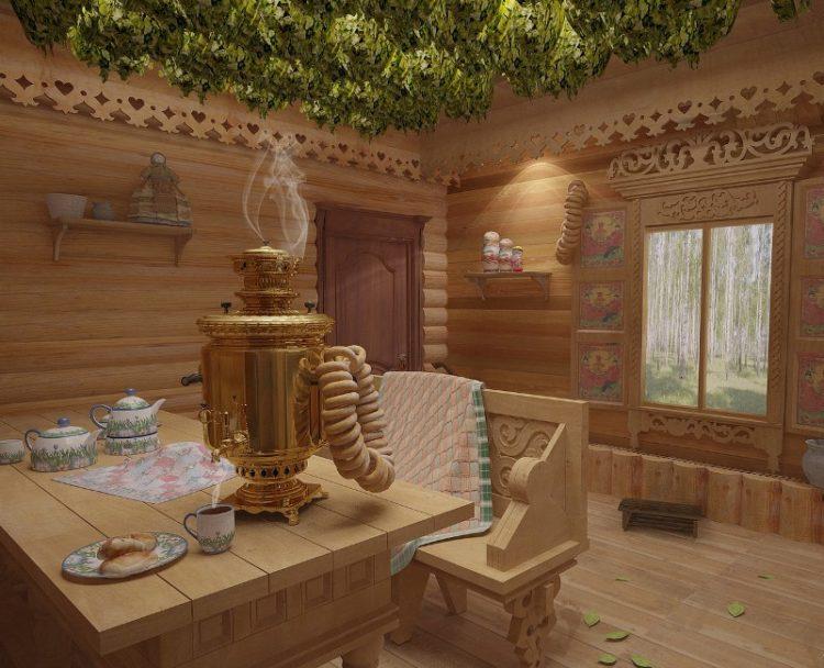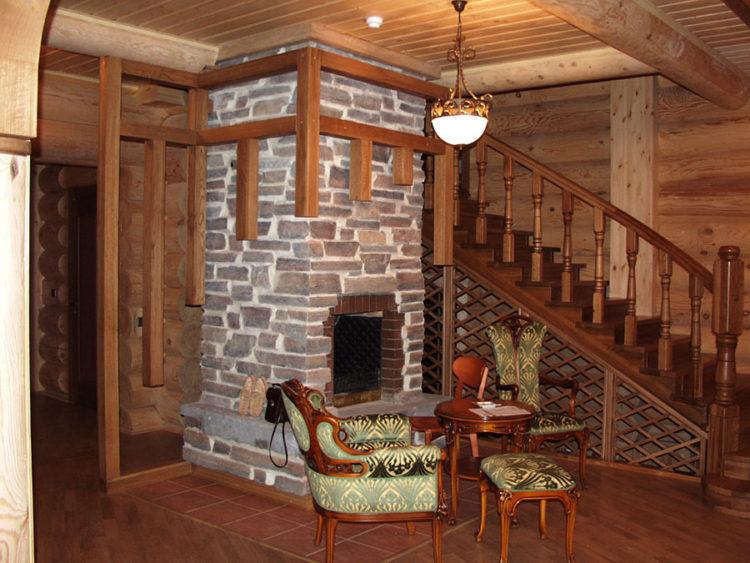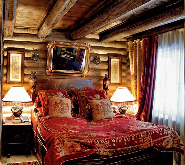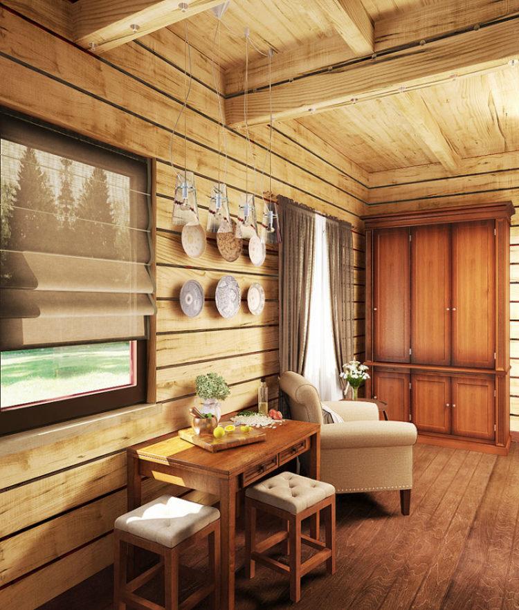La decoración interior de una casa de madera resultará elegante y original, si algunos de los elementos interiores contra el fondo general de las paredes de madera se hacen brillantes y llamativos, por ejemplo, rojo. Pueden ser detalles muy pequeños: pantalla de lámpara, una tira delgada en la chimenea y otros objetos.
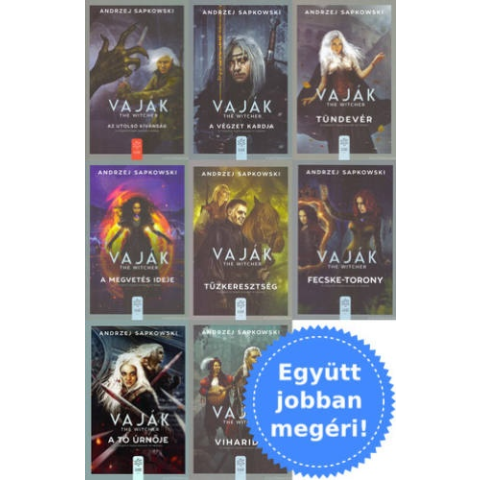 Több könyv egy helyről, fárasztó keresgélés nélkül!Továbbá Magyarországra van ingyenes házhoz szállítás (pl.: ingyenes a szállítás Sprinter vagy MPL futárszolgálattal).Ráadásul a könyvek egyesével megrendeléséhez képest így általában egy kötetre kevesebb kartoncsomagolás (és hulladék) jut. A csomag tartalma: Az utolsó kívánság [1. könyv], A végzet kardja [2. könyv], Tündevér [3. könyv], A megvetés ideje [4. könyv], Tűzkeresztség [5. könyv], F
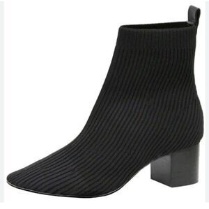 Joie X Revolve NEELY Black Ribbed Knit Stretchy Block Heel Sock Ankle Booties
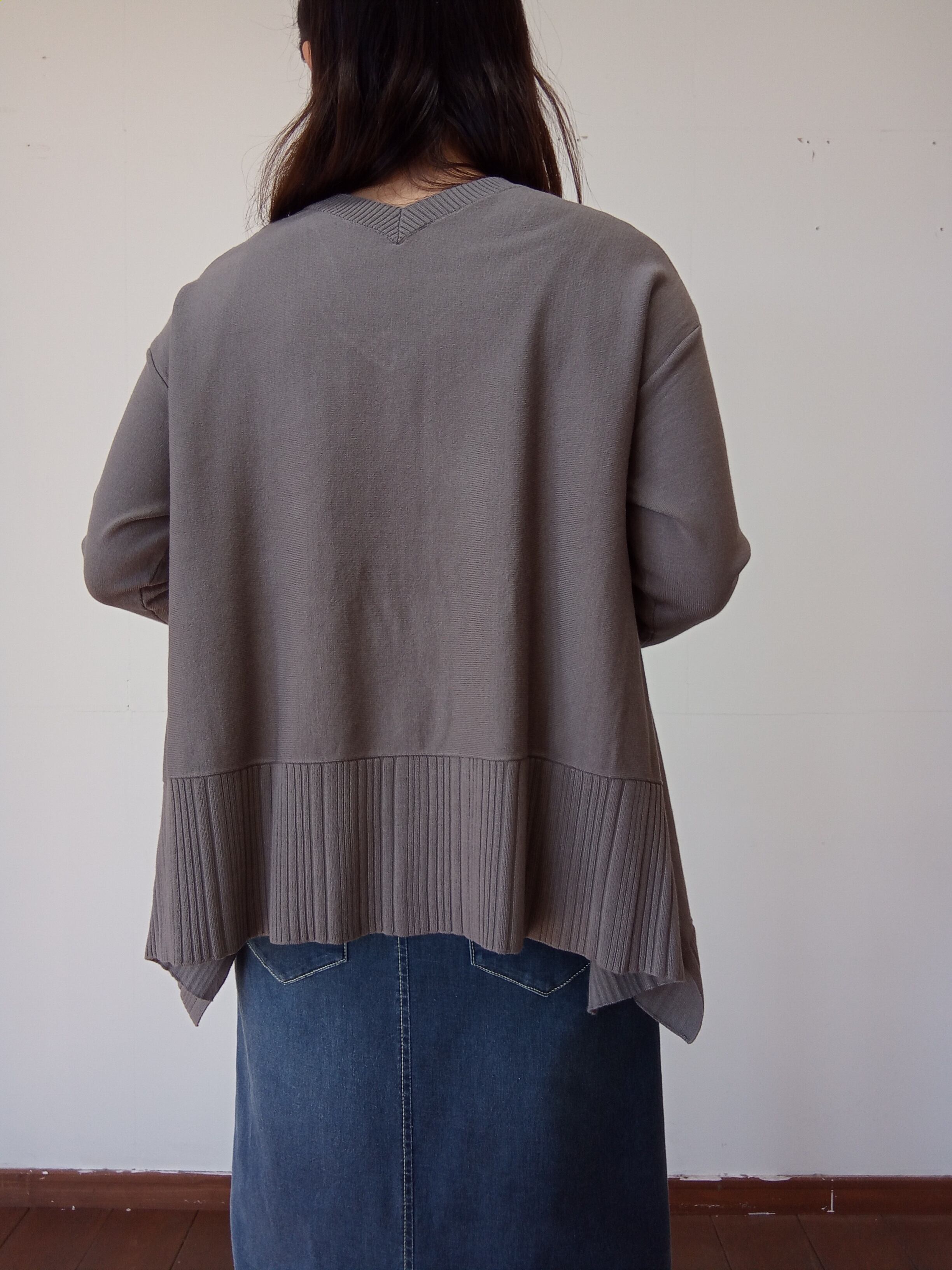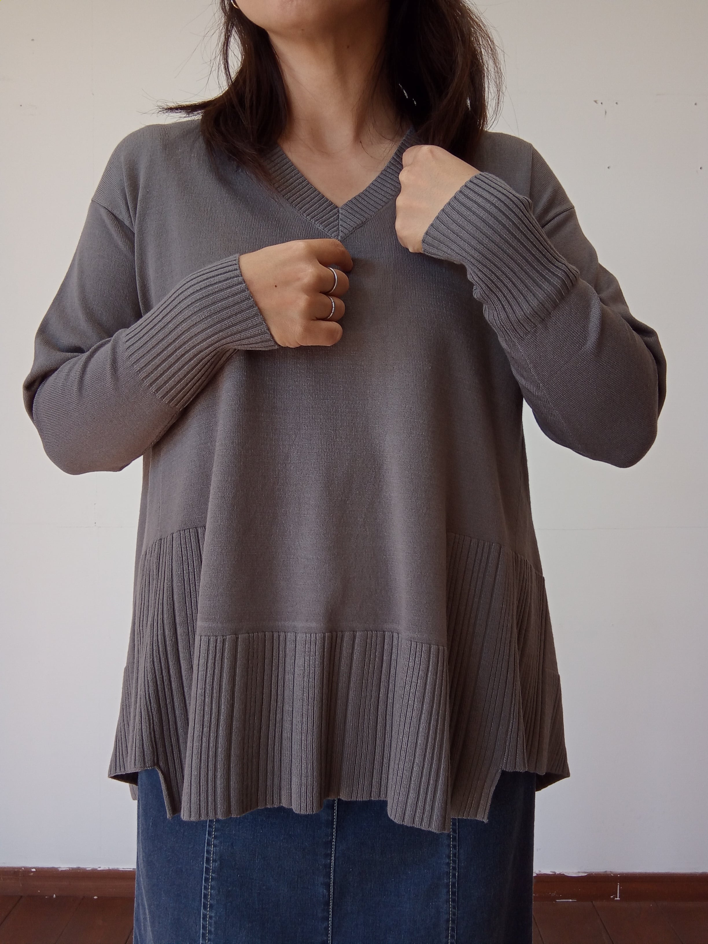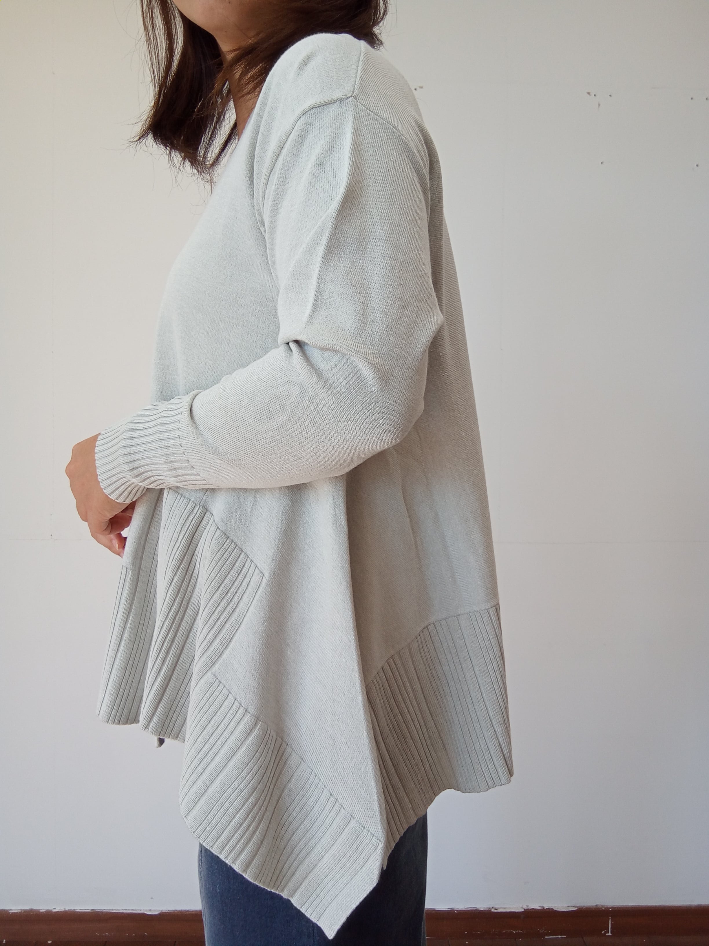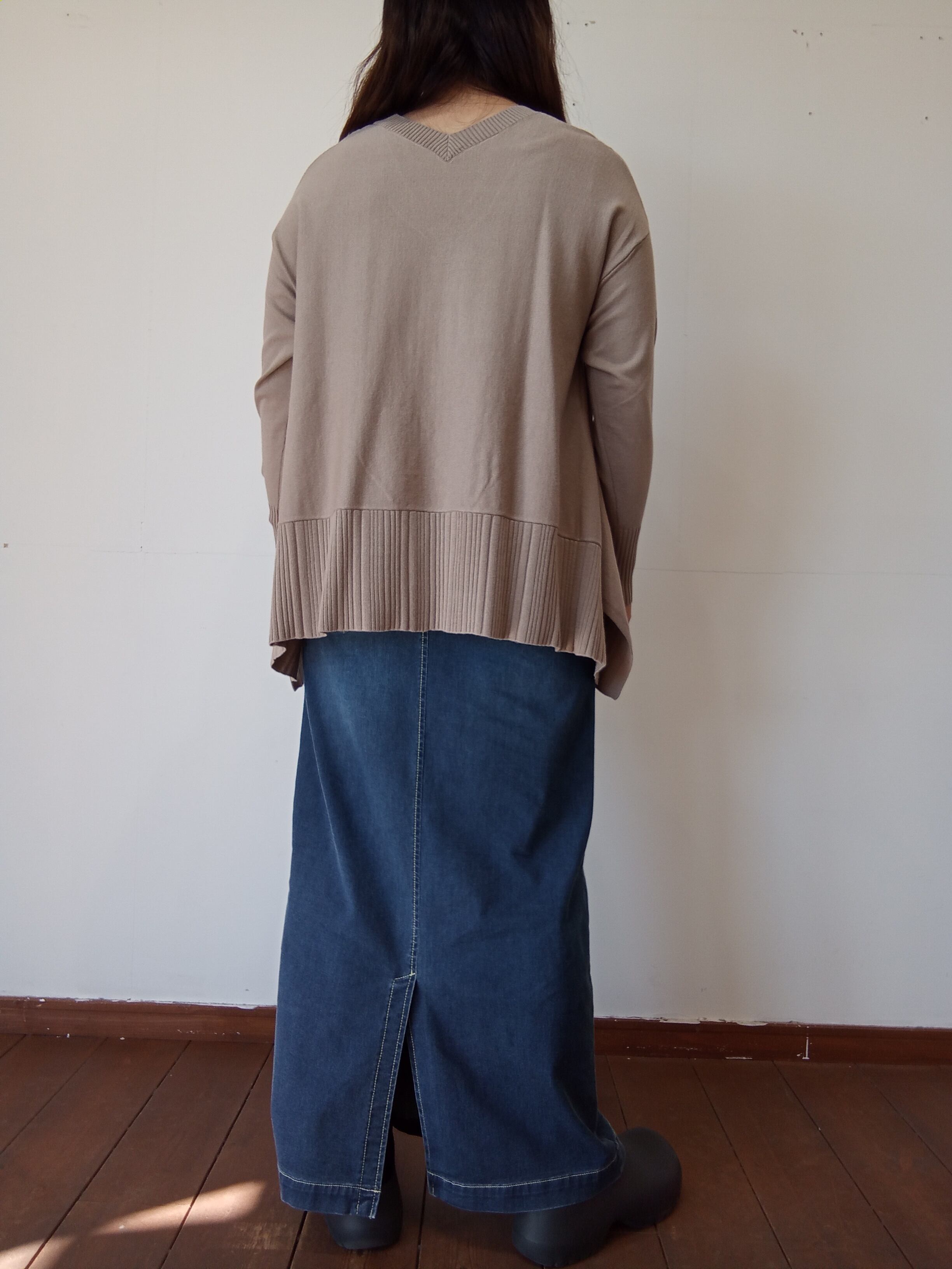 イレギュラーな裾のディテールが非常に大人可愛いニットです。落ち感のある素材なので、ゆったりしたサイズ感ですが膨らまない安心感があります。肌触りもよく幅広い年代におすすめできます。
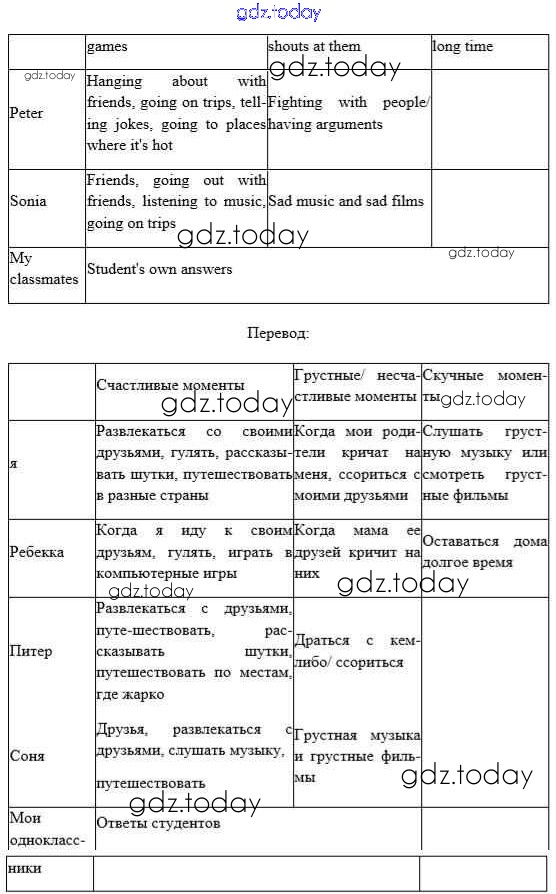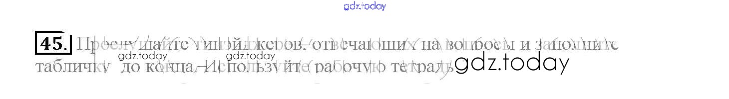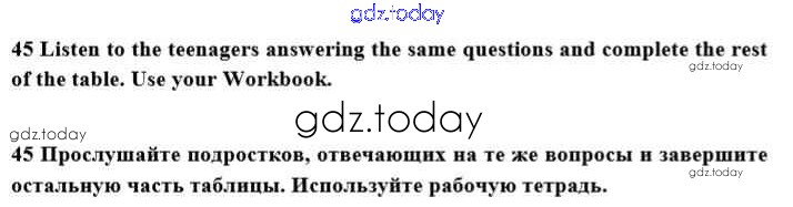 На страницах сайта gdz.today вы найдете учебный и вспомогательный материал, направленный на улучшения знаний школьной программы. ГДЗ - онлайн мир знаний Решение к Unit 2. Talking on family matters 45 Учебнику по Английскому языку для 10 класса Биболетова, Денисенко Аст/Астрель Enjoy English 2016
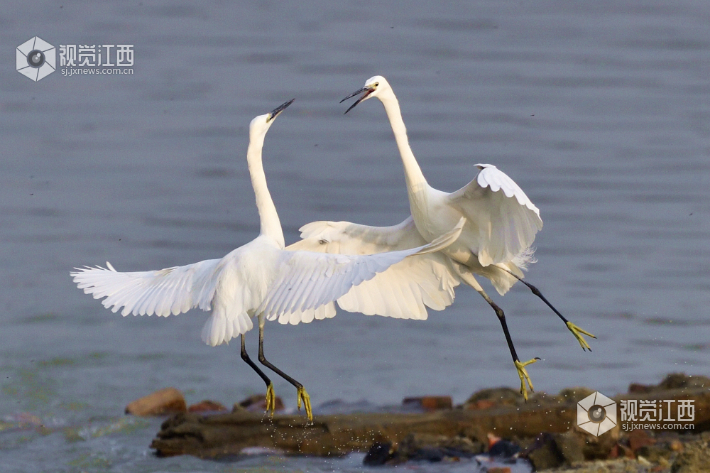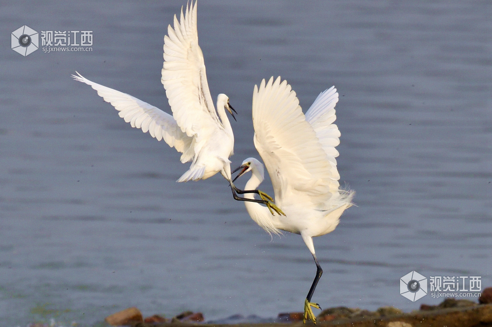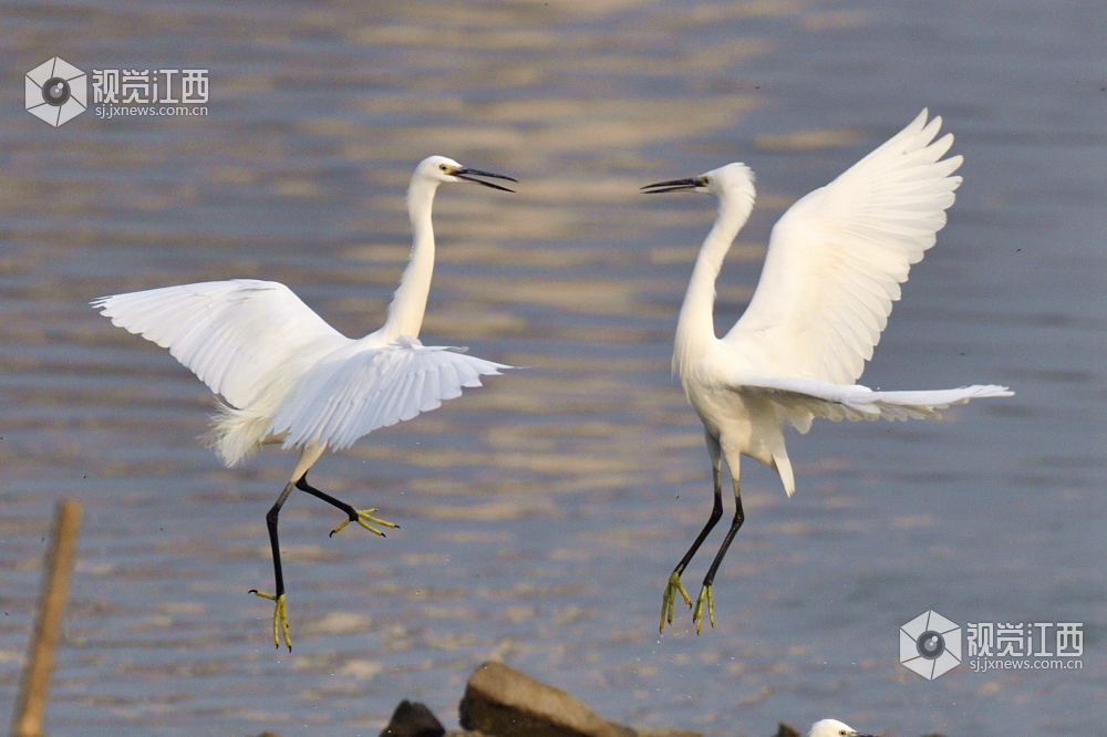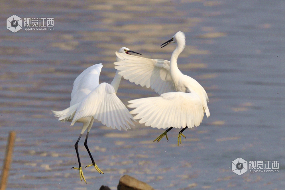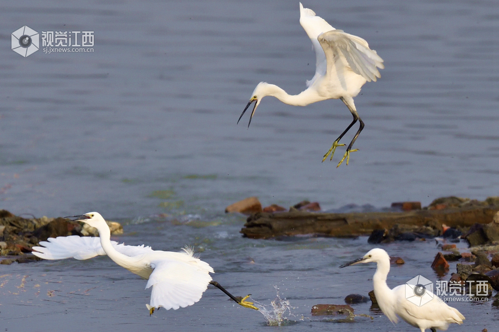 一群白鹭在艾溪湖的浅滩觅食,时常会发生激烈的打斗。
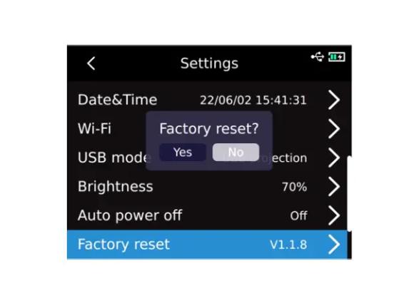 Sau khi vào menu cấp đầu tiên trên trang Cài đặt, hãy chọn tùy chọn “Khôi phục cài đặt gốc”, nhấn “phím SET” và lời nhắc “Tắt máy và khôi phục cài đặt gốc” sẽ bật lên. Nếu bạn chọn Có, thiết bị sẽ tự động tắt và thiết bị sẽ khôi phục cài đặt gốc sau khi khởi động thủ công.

************

» Exercise details:
Repeat every record precisely. Any picture among them stays out of the copy.

» Task output:
La decoración interior de una casa de madera resultará elegante y original, si algunos de los elementos interiores contra el fondo general de las paredes de madera se hacen brillantes y llamativos, por ejemplo, rojo. Pueden ser detalles muy pequeños: pantalla de lámpara, una tira delgada en la chimenea y otros objetos.
 Több könyv egy helyről, fárasztó keresgélés nélkül!Továbbá Magyarországra van ingyenes házhoz szállítás (pl.: ingyenes a szállítás Sprinter vagy MPL futárszolgálattal).Ráadásul a könyvek egyesével megrendeléséhez képest így általában egy kötetre kevesebb kartoncsomagolás (és hulladék) jut. A csomag tartalma: Az utolsó kívánság [1. könyv], A végzet kardja [2. könyv], Tündevér [3. könyv], A megvetés ideje [4. könyv], Tűzkeresztség [5. könyv], F
 Joie X Revolve NEELY Black Ribbed Knit Stretchy Block Heel Sock Ankle Booties
 イレギュラーな裾のディテールが非常に大人可愛いニットです。落ち感のある素材なので、ゆったりしたサイズ感ですが膨らまない安心感があります。肌触りもよく幅広い年代におすすめできます。
 На страницах сайта gdz.today вы найдете учебный и вспомогательный материал, направленный на улучшения знаний школьной программы. ГДЗ - онлайн мир знаний Решение к Unit 2. Talking on family matters 45 Учебнику по Английскому языку для 10 класса Биболетова, Денисенко Аст/Астрель Enjoy English 2016
 一群白鹭在艾溪湖的浅滩觅食,时常会发生激烈的打斗。
 Sau khi vào menu cấp đầu tiên trên trang Cài đặt, hãy chọn tùy chọn “Khôi phục cài đặt gốc”, nhấn “phím SET” và lời nhắc “Tắt máy và khôi phục cài đặt gốc” sẽ bật lên. Nếu bạn chọn Có, thiết bị sẽ tự động tắt và thiết bị sẽ khôi phục cài đặt gốc sau khi khởi động thủ công.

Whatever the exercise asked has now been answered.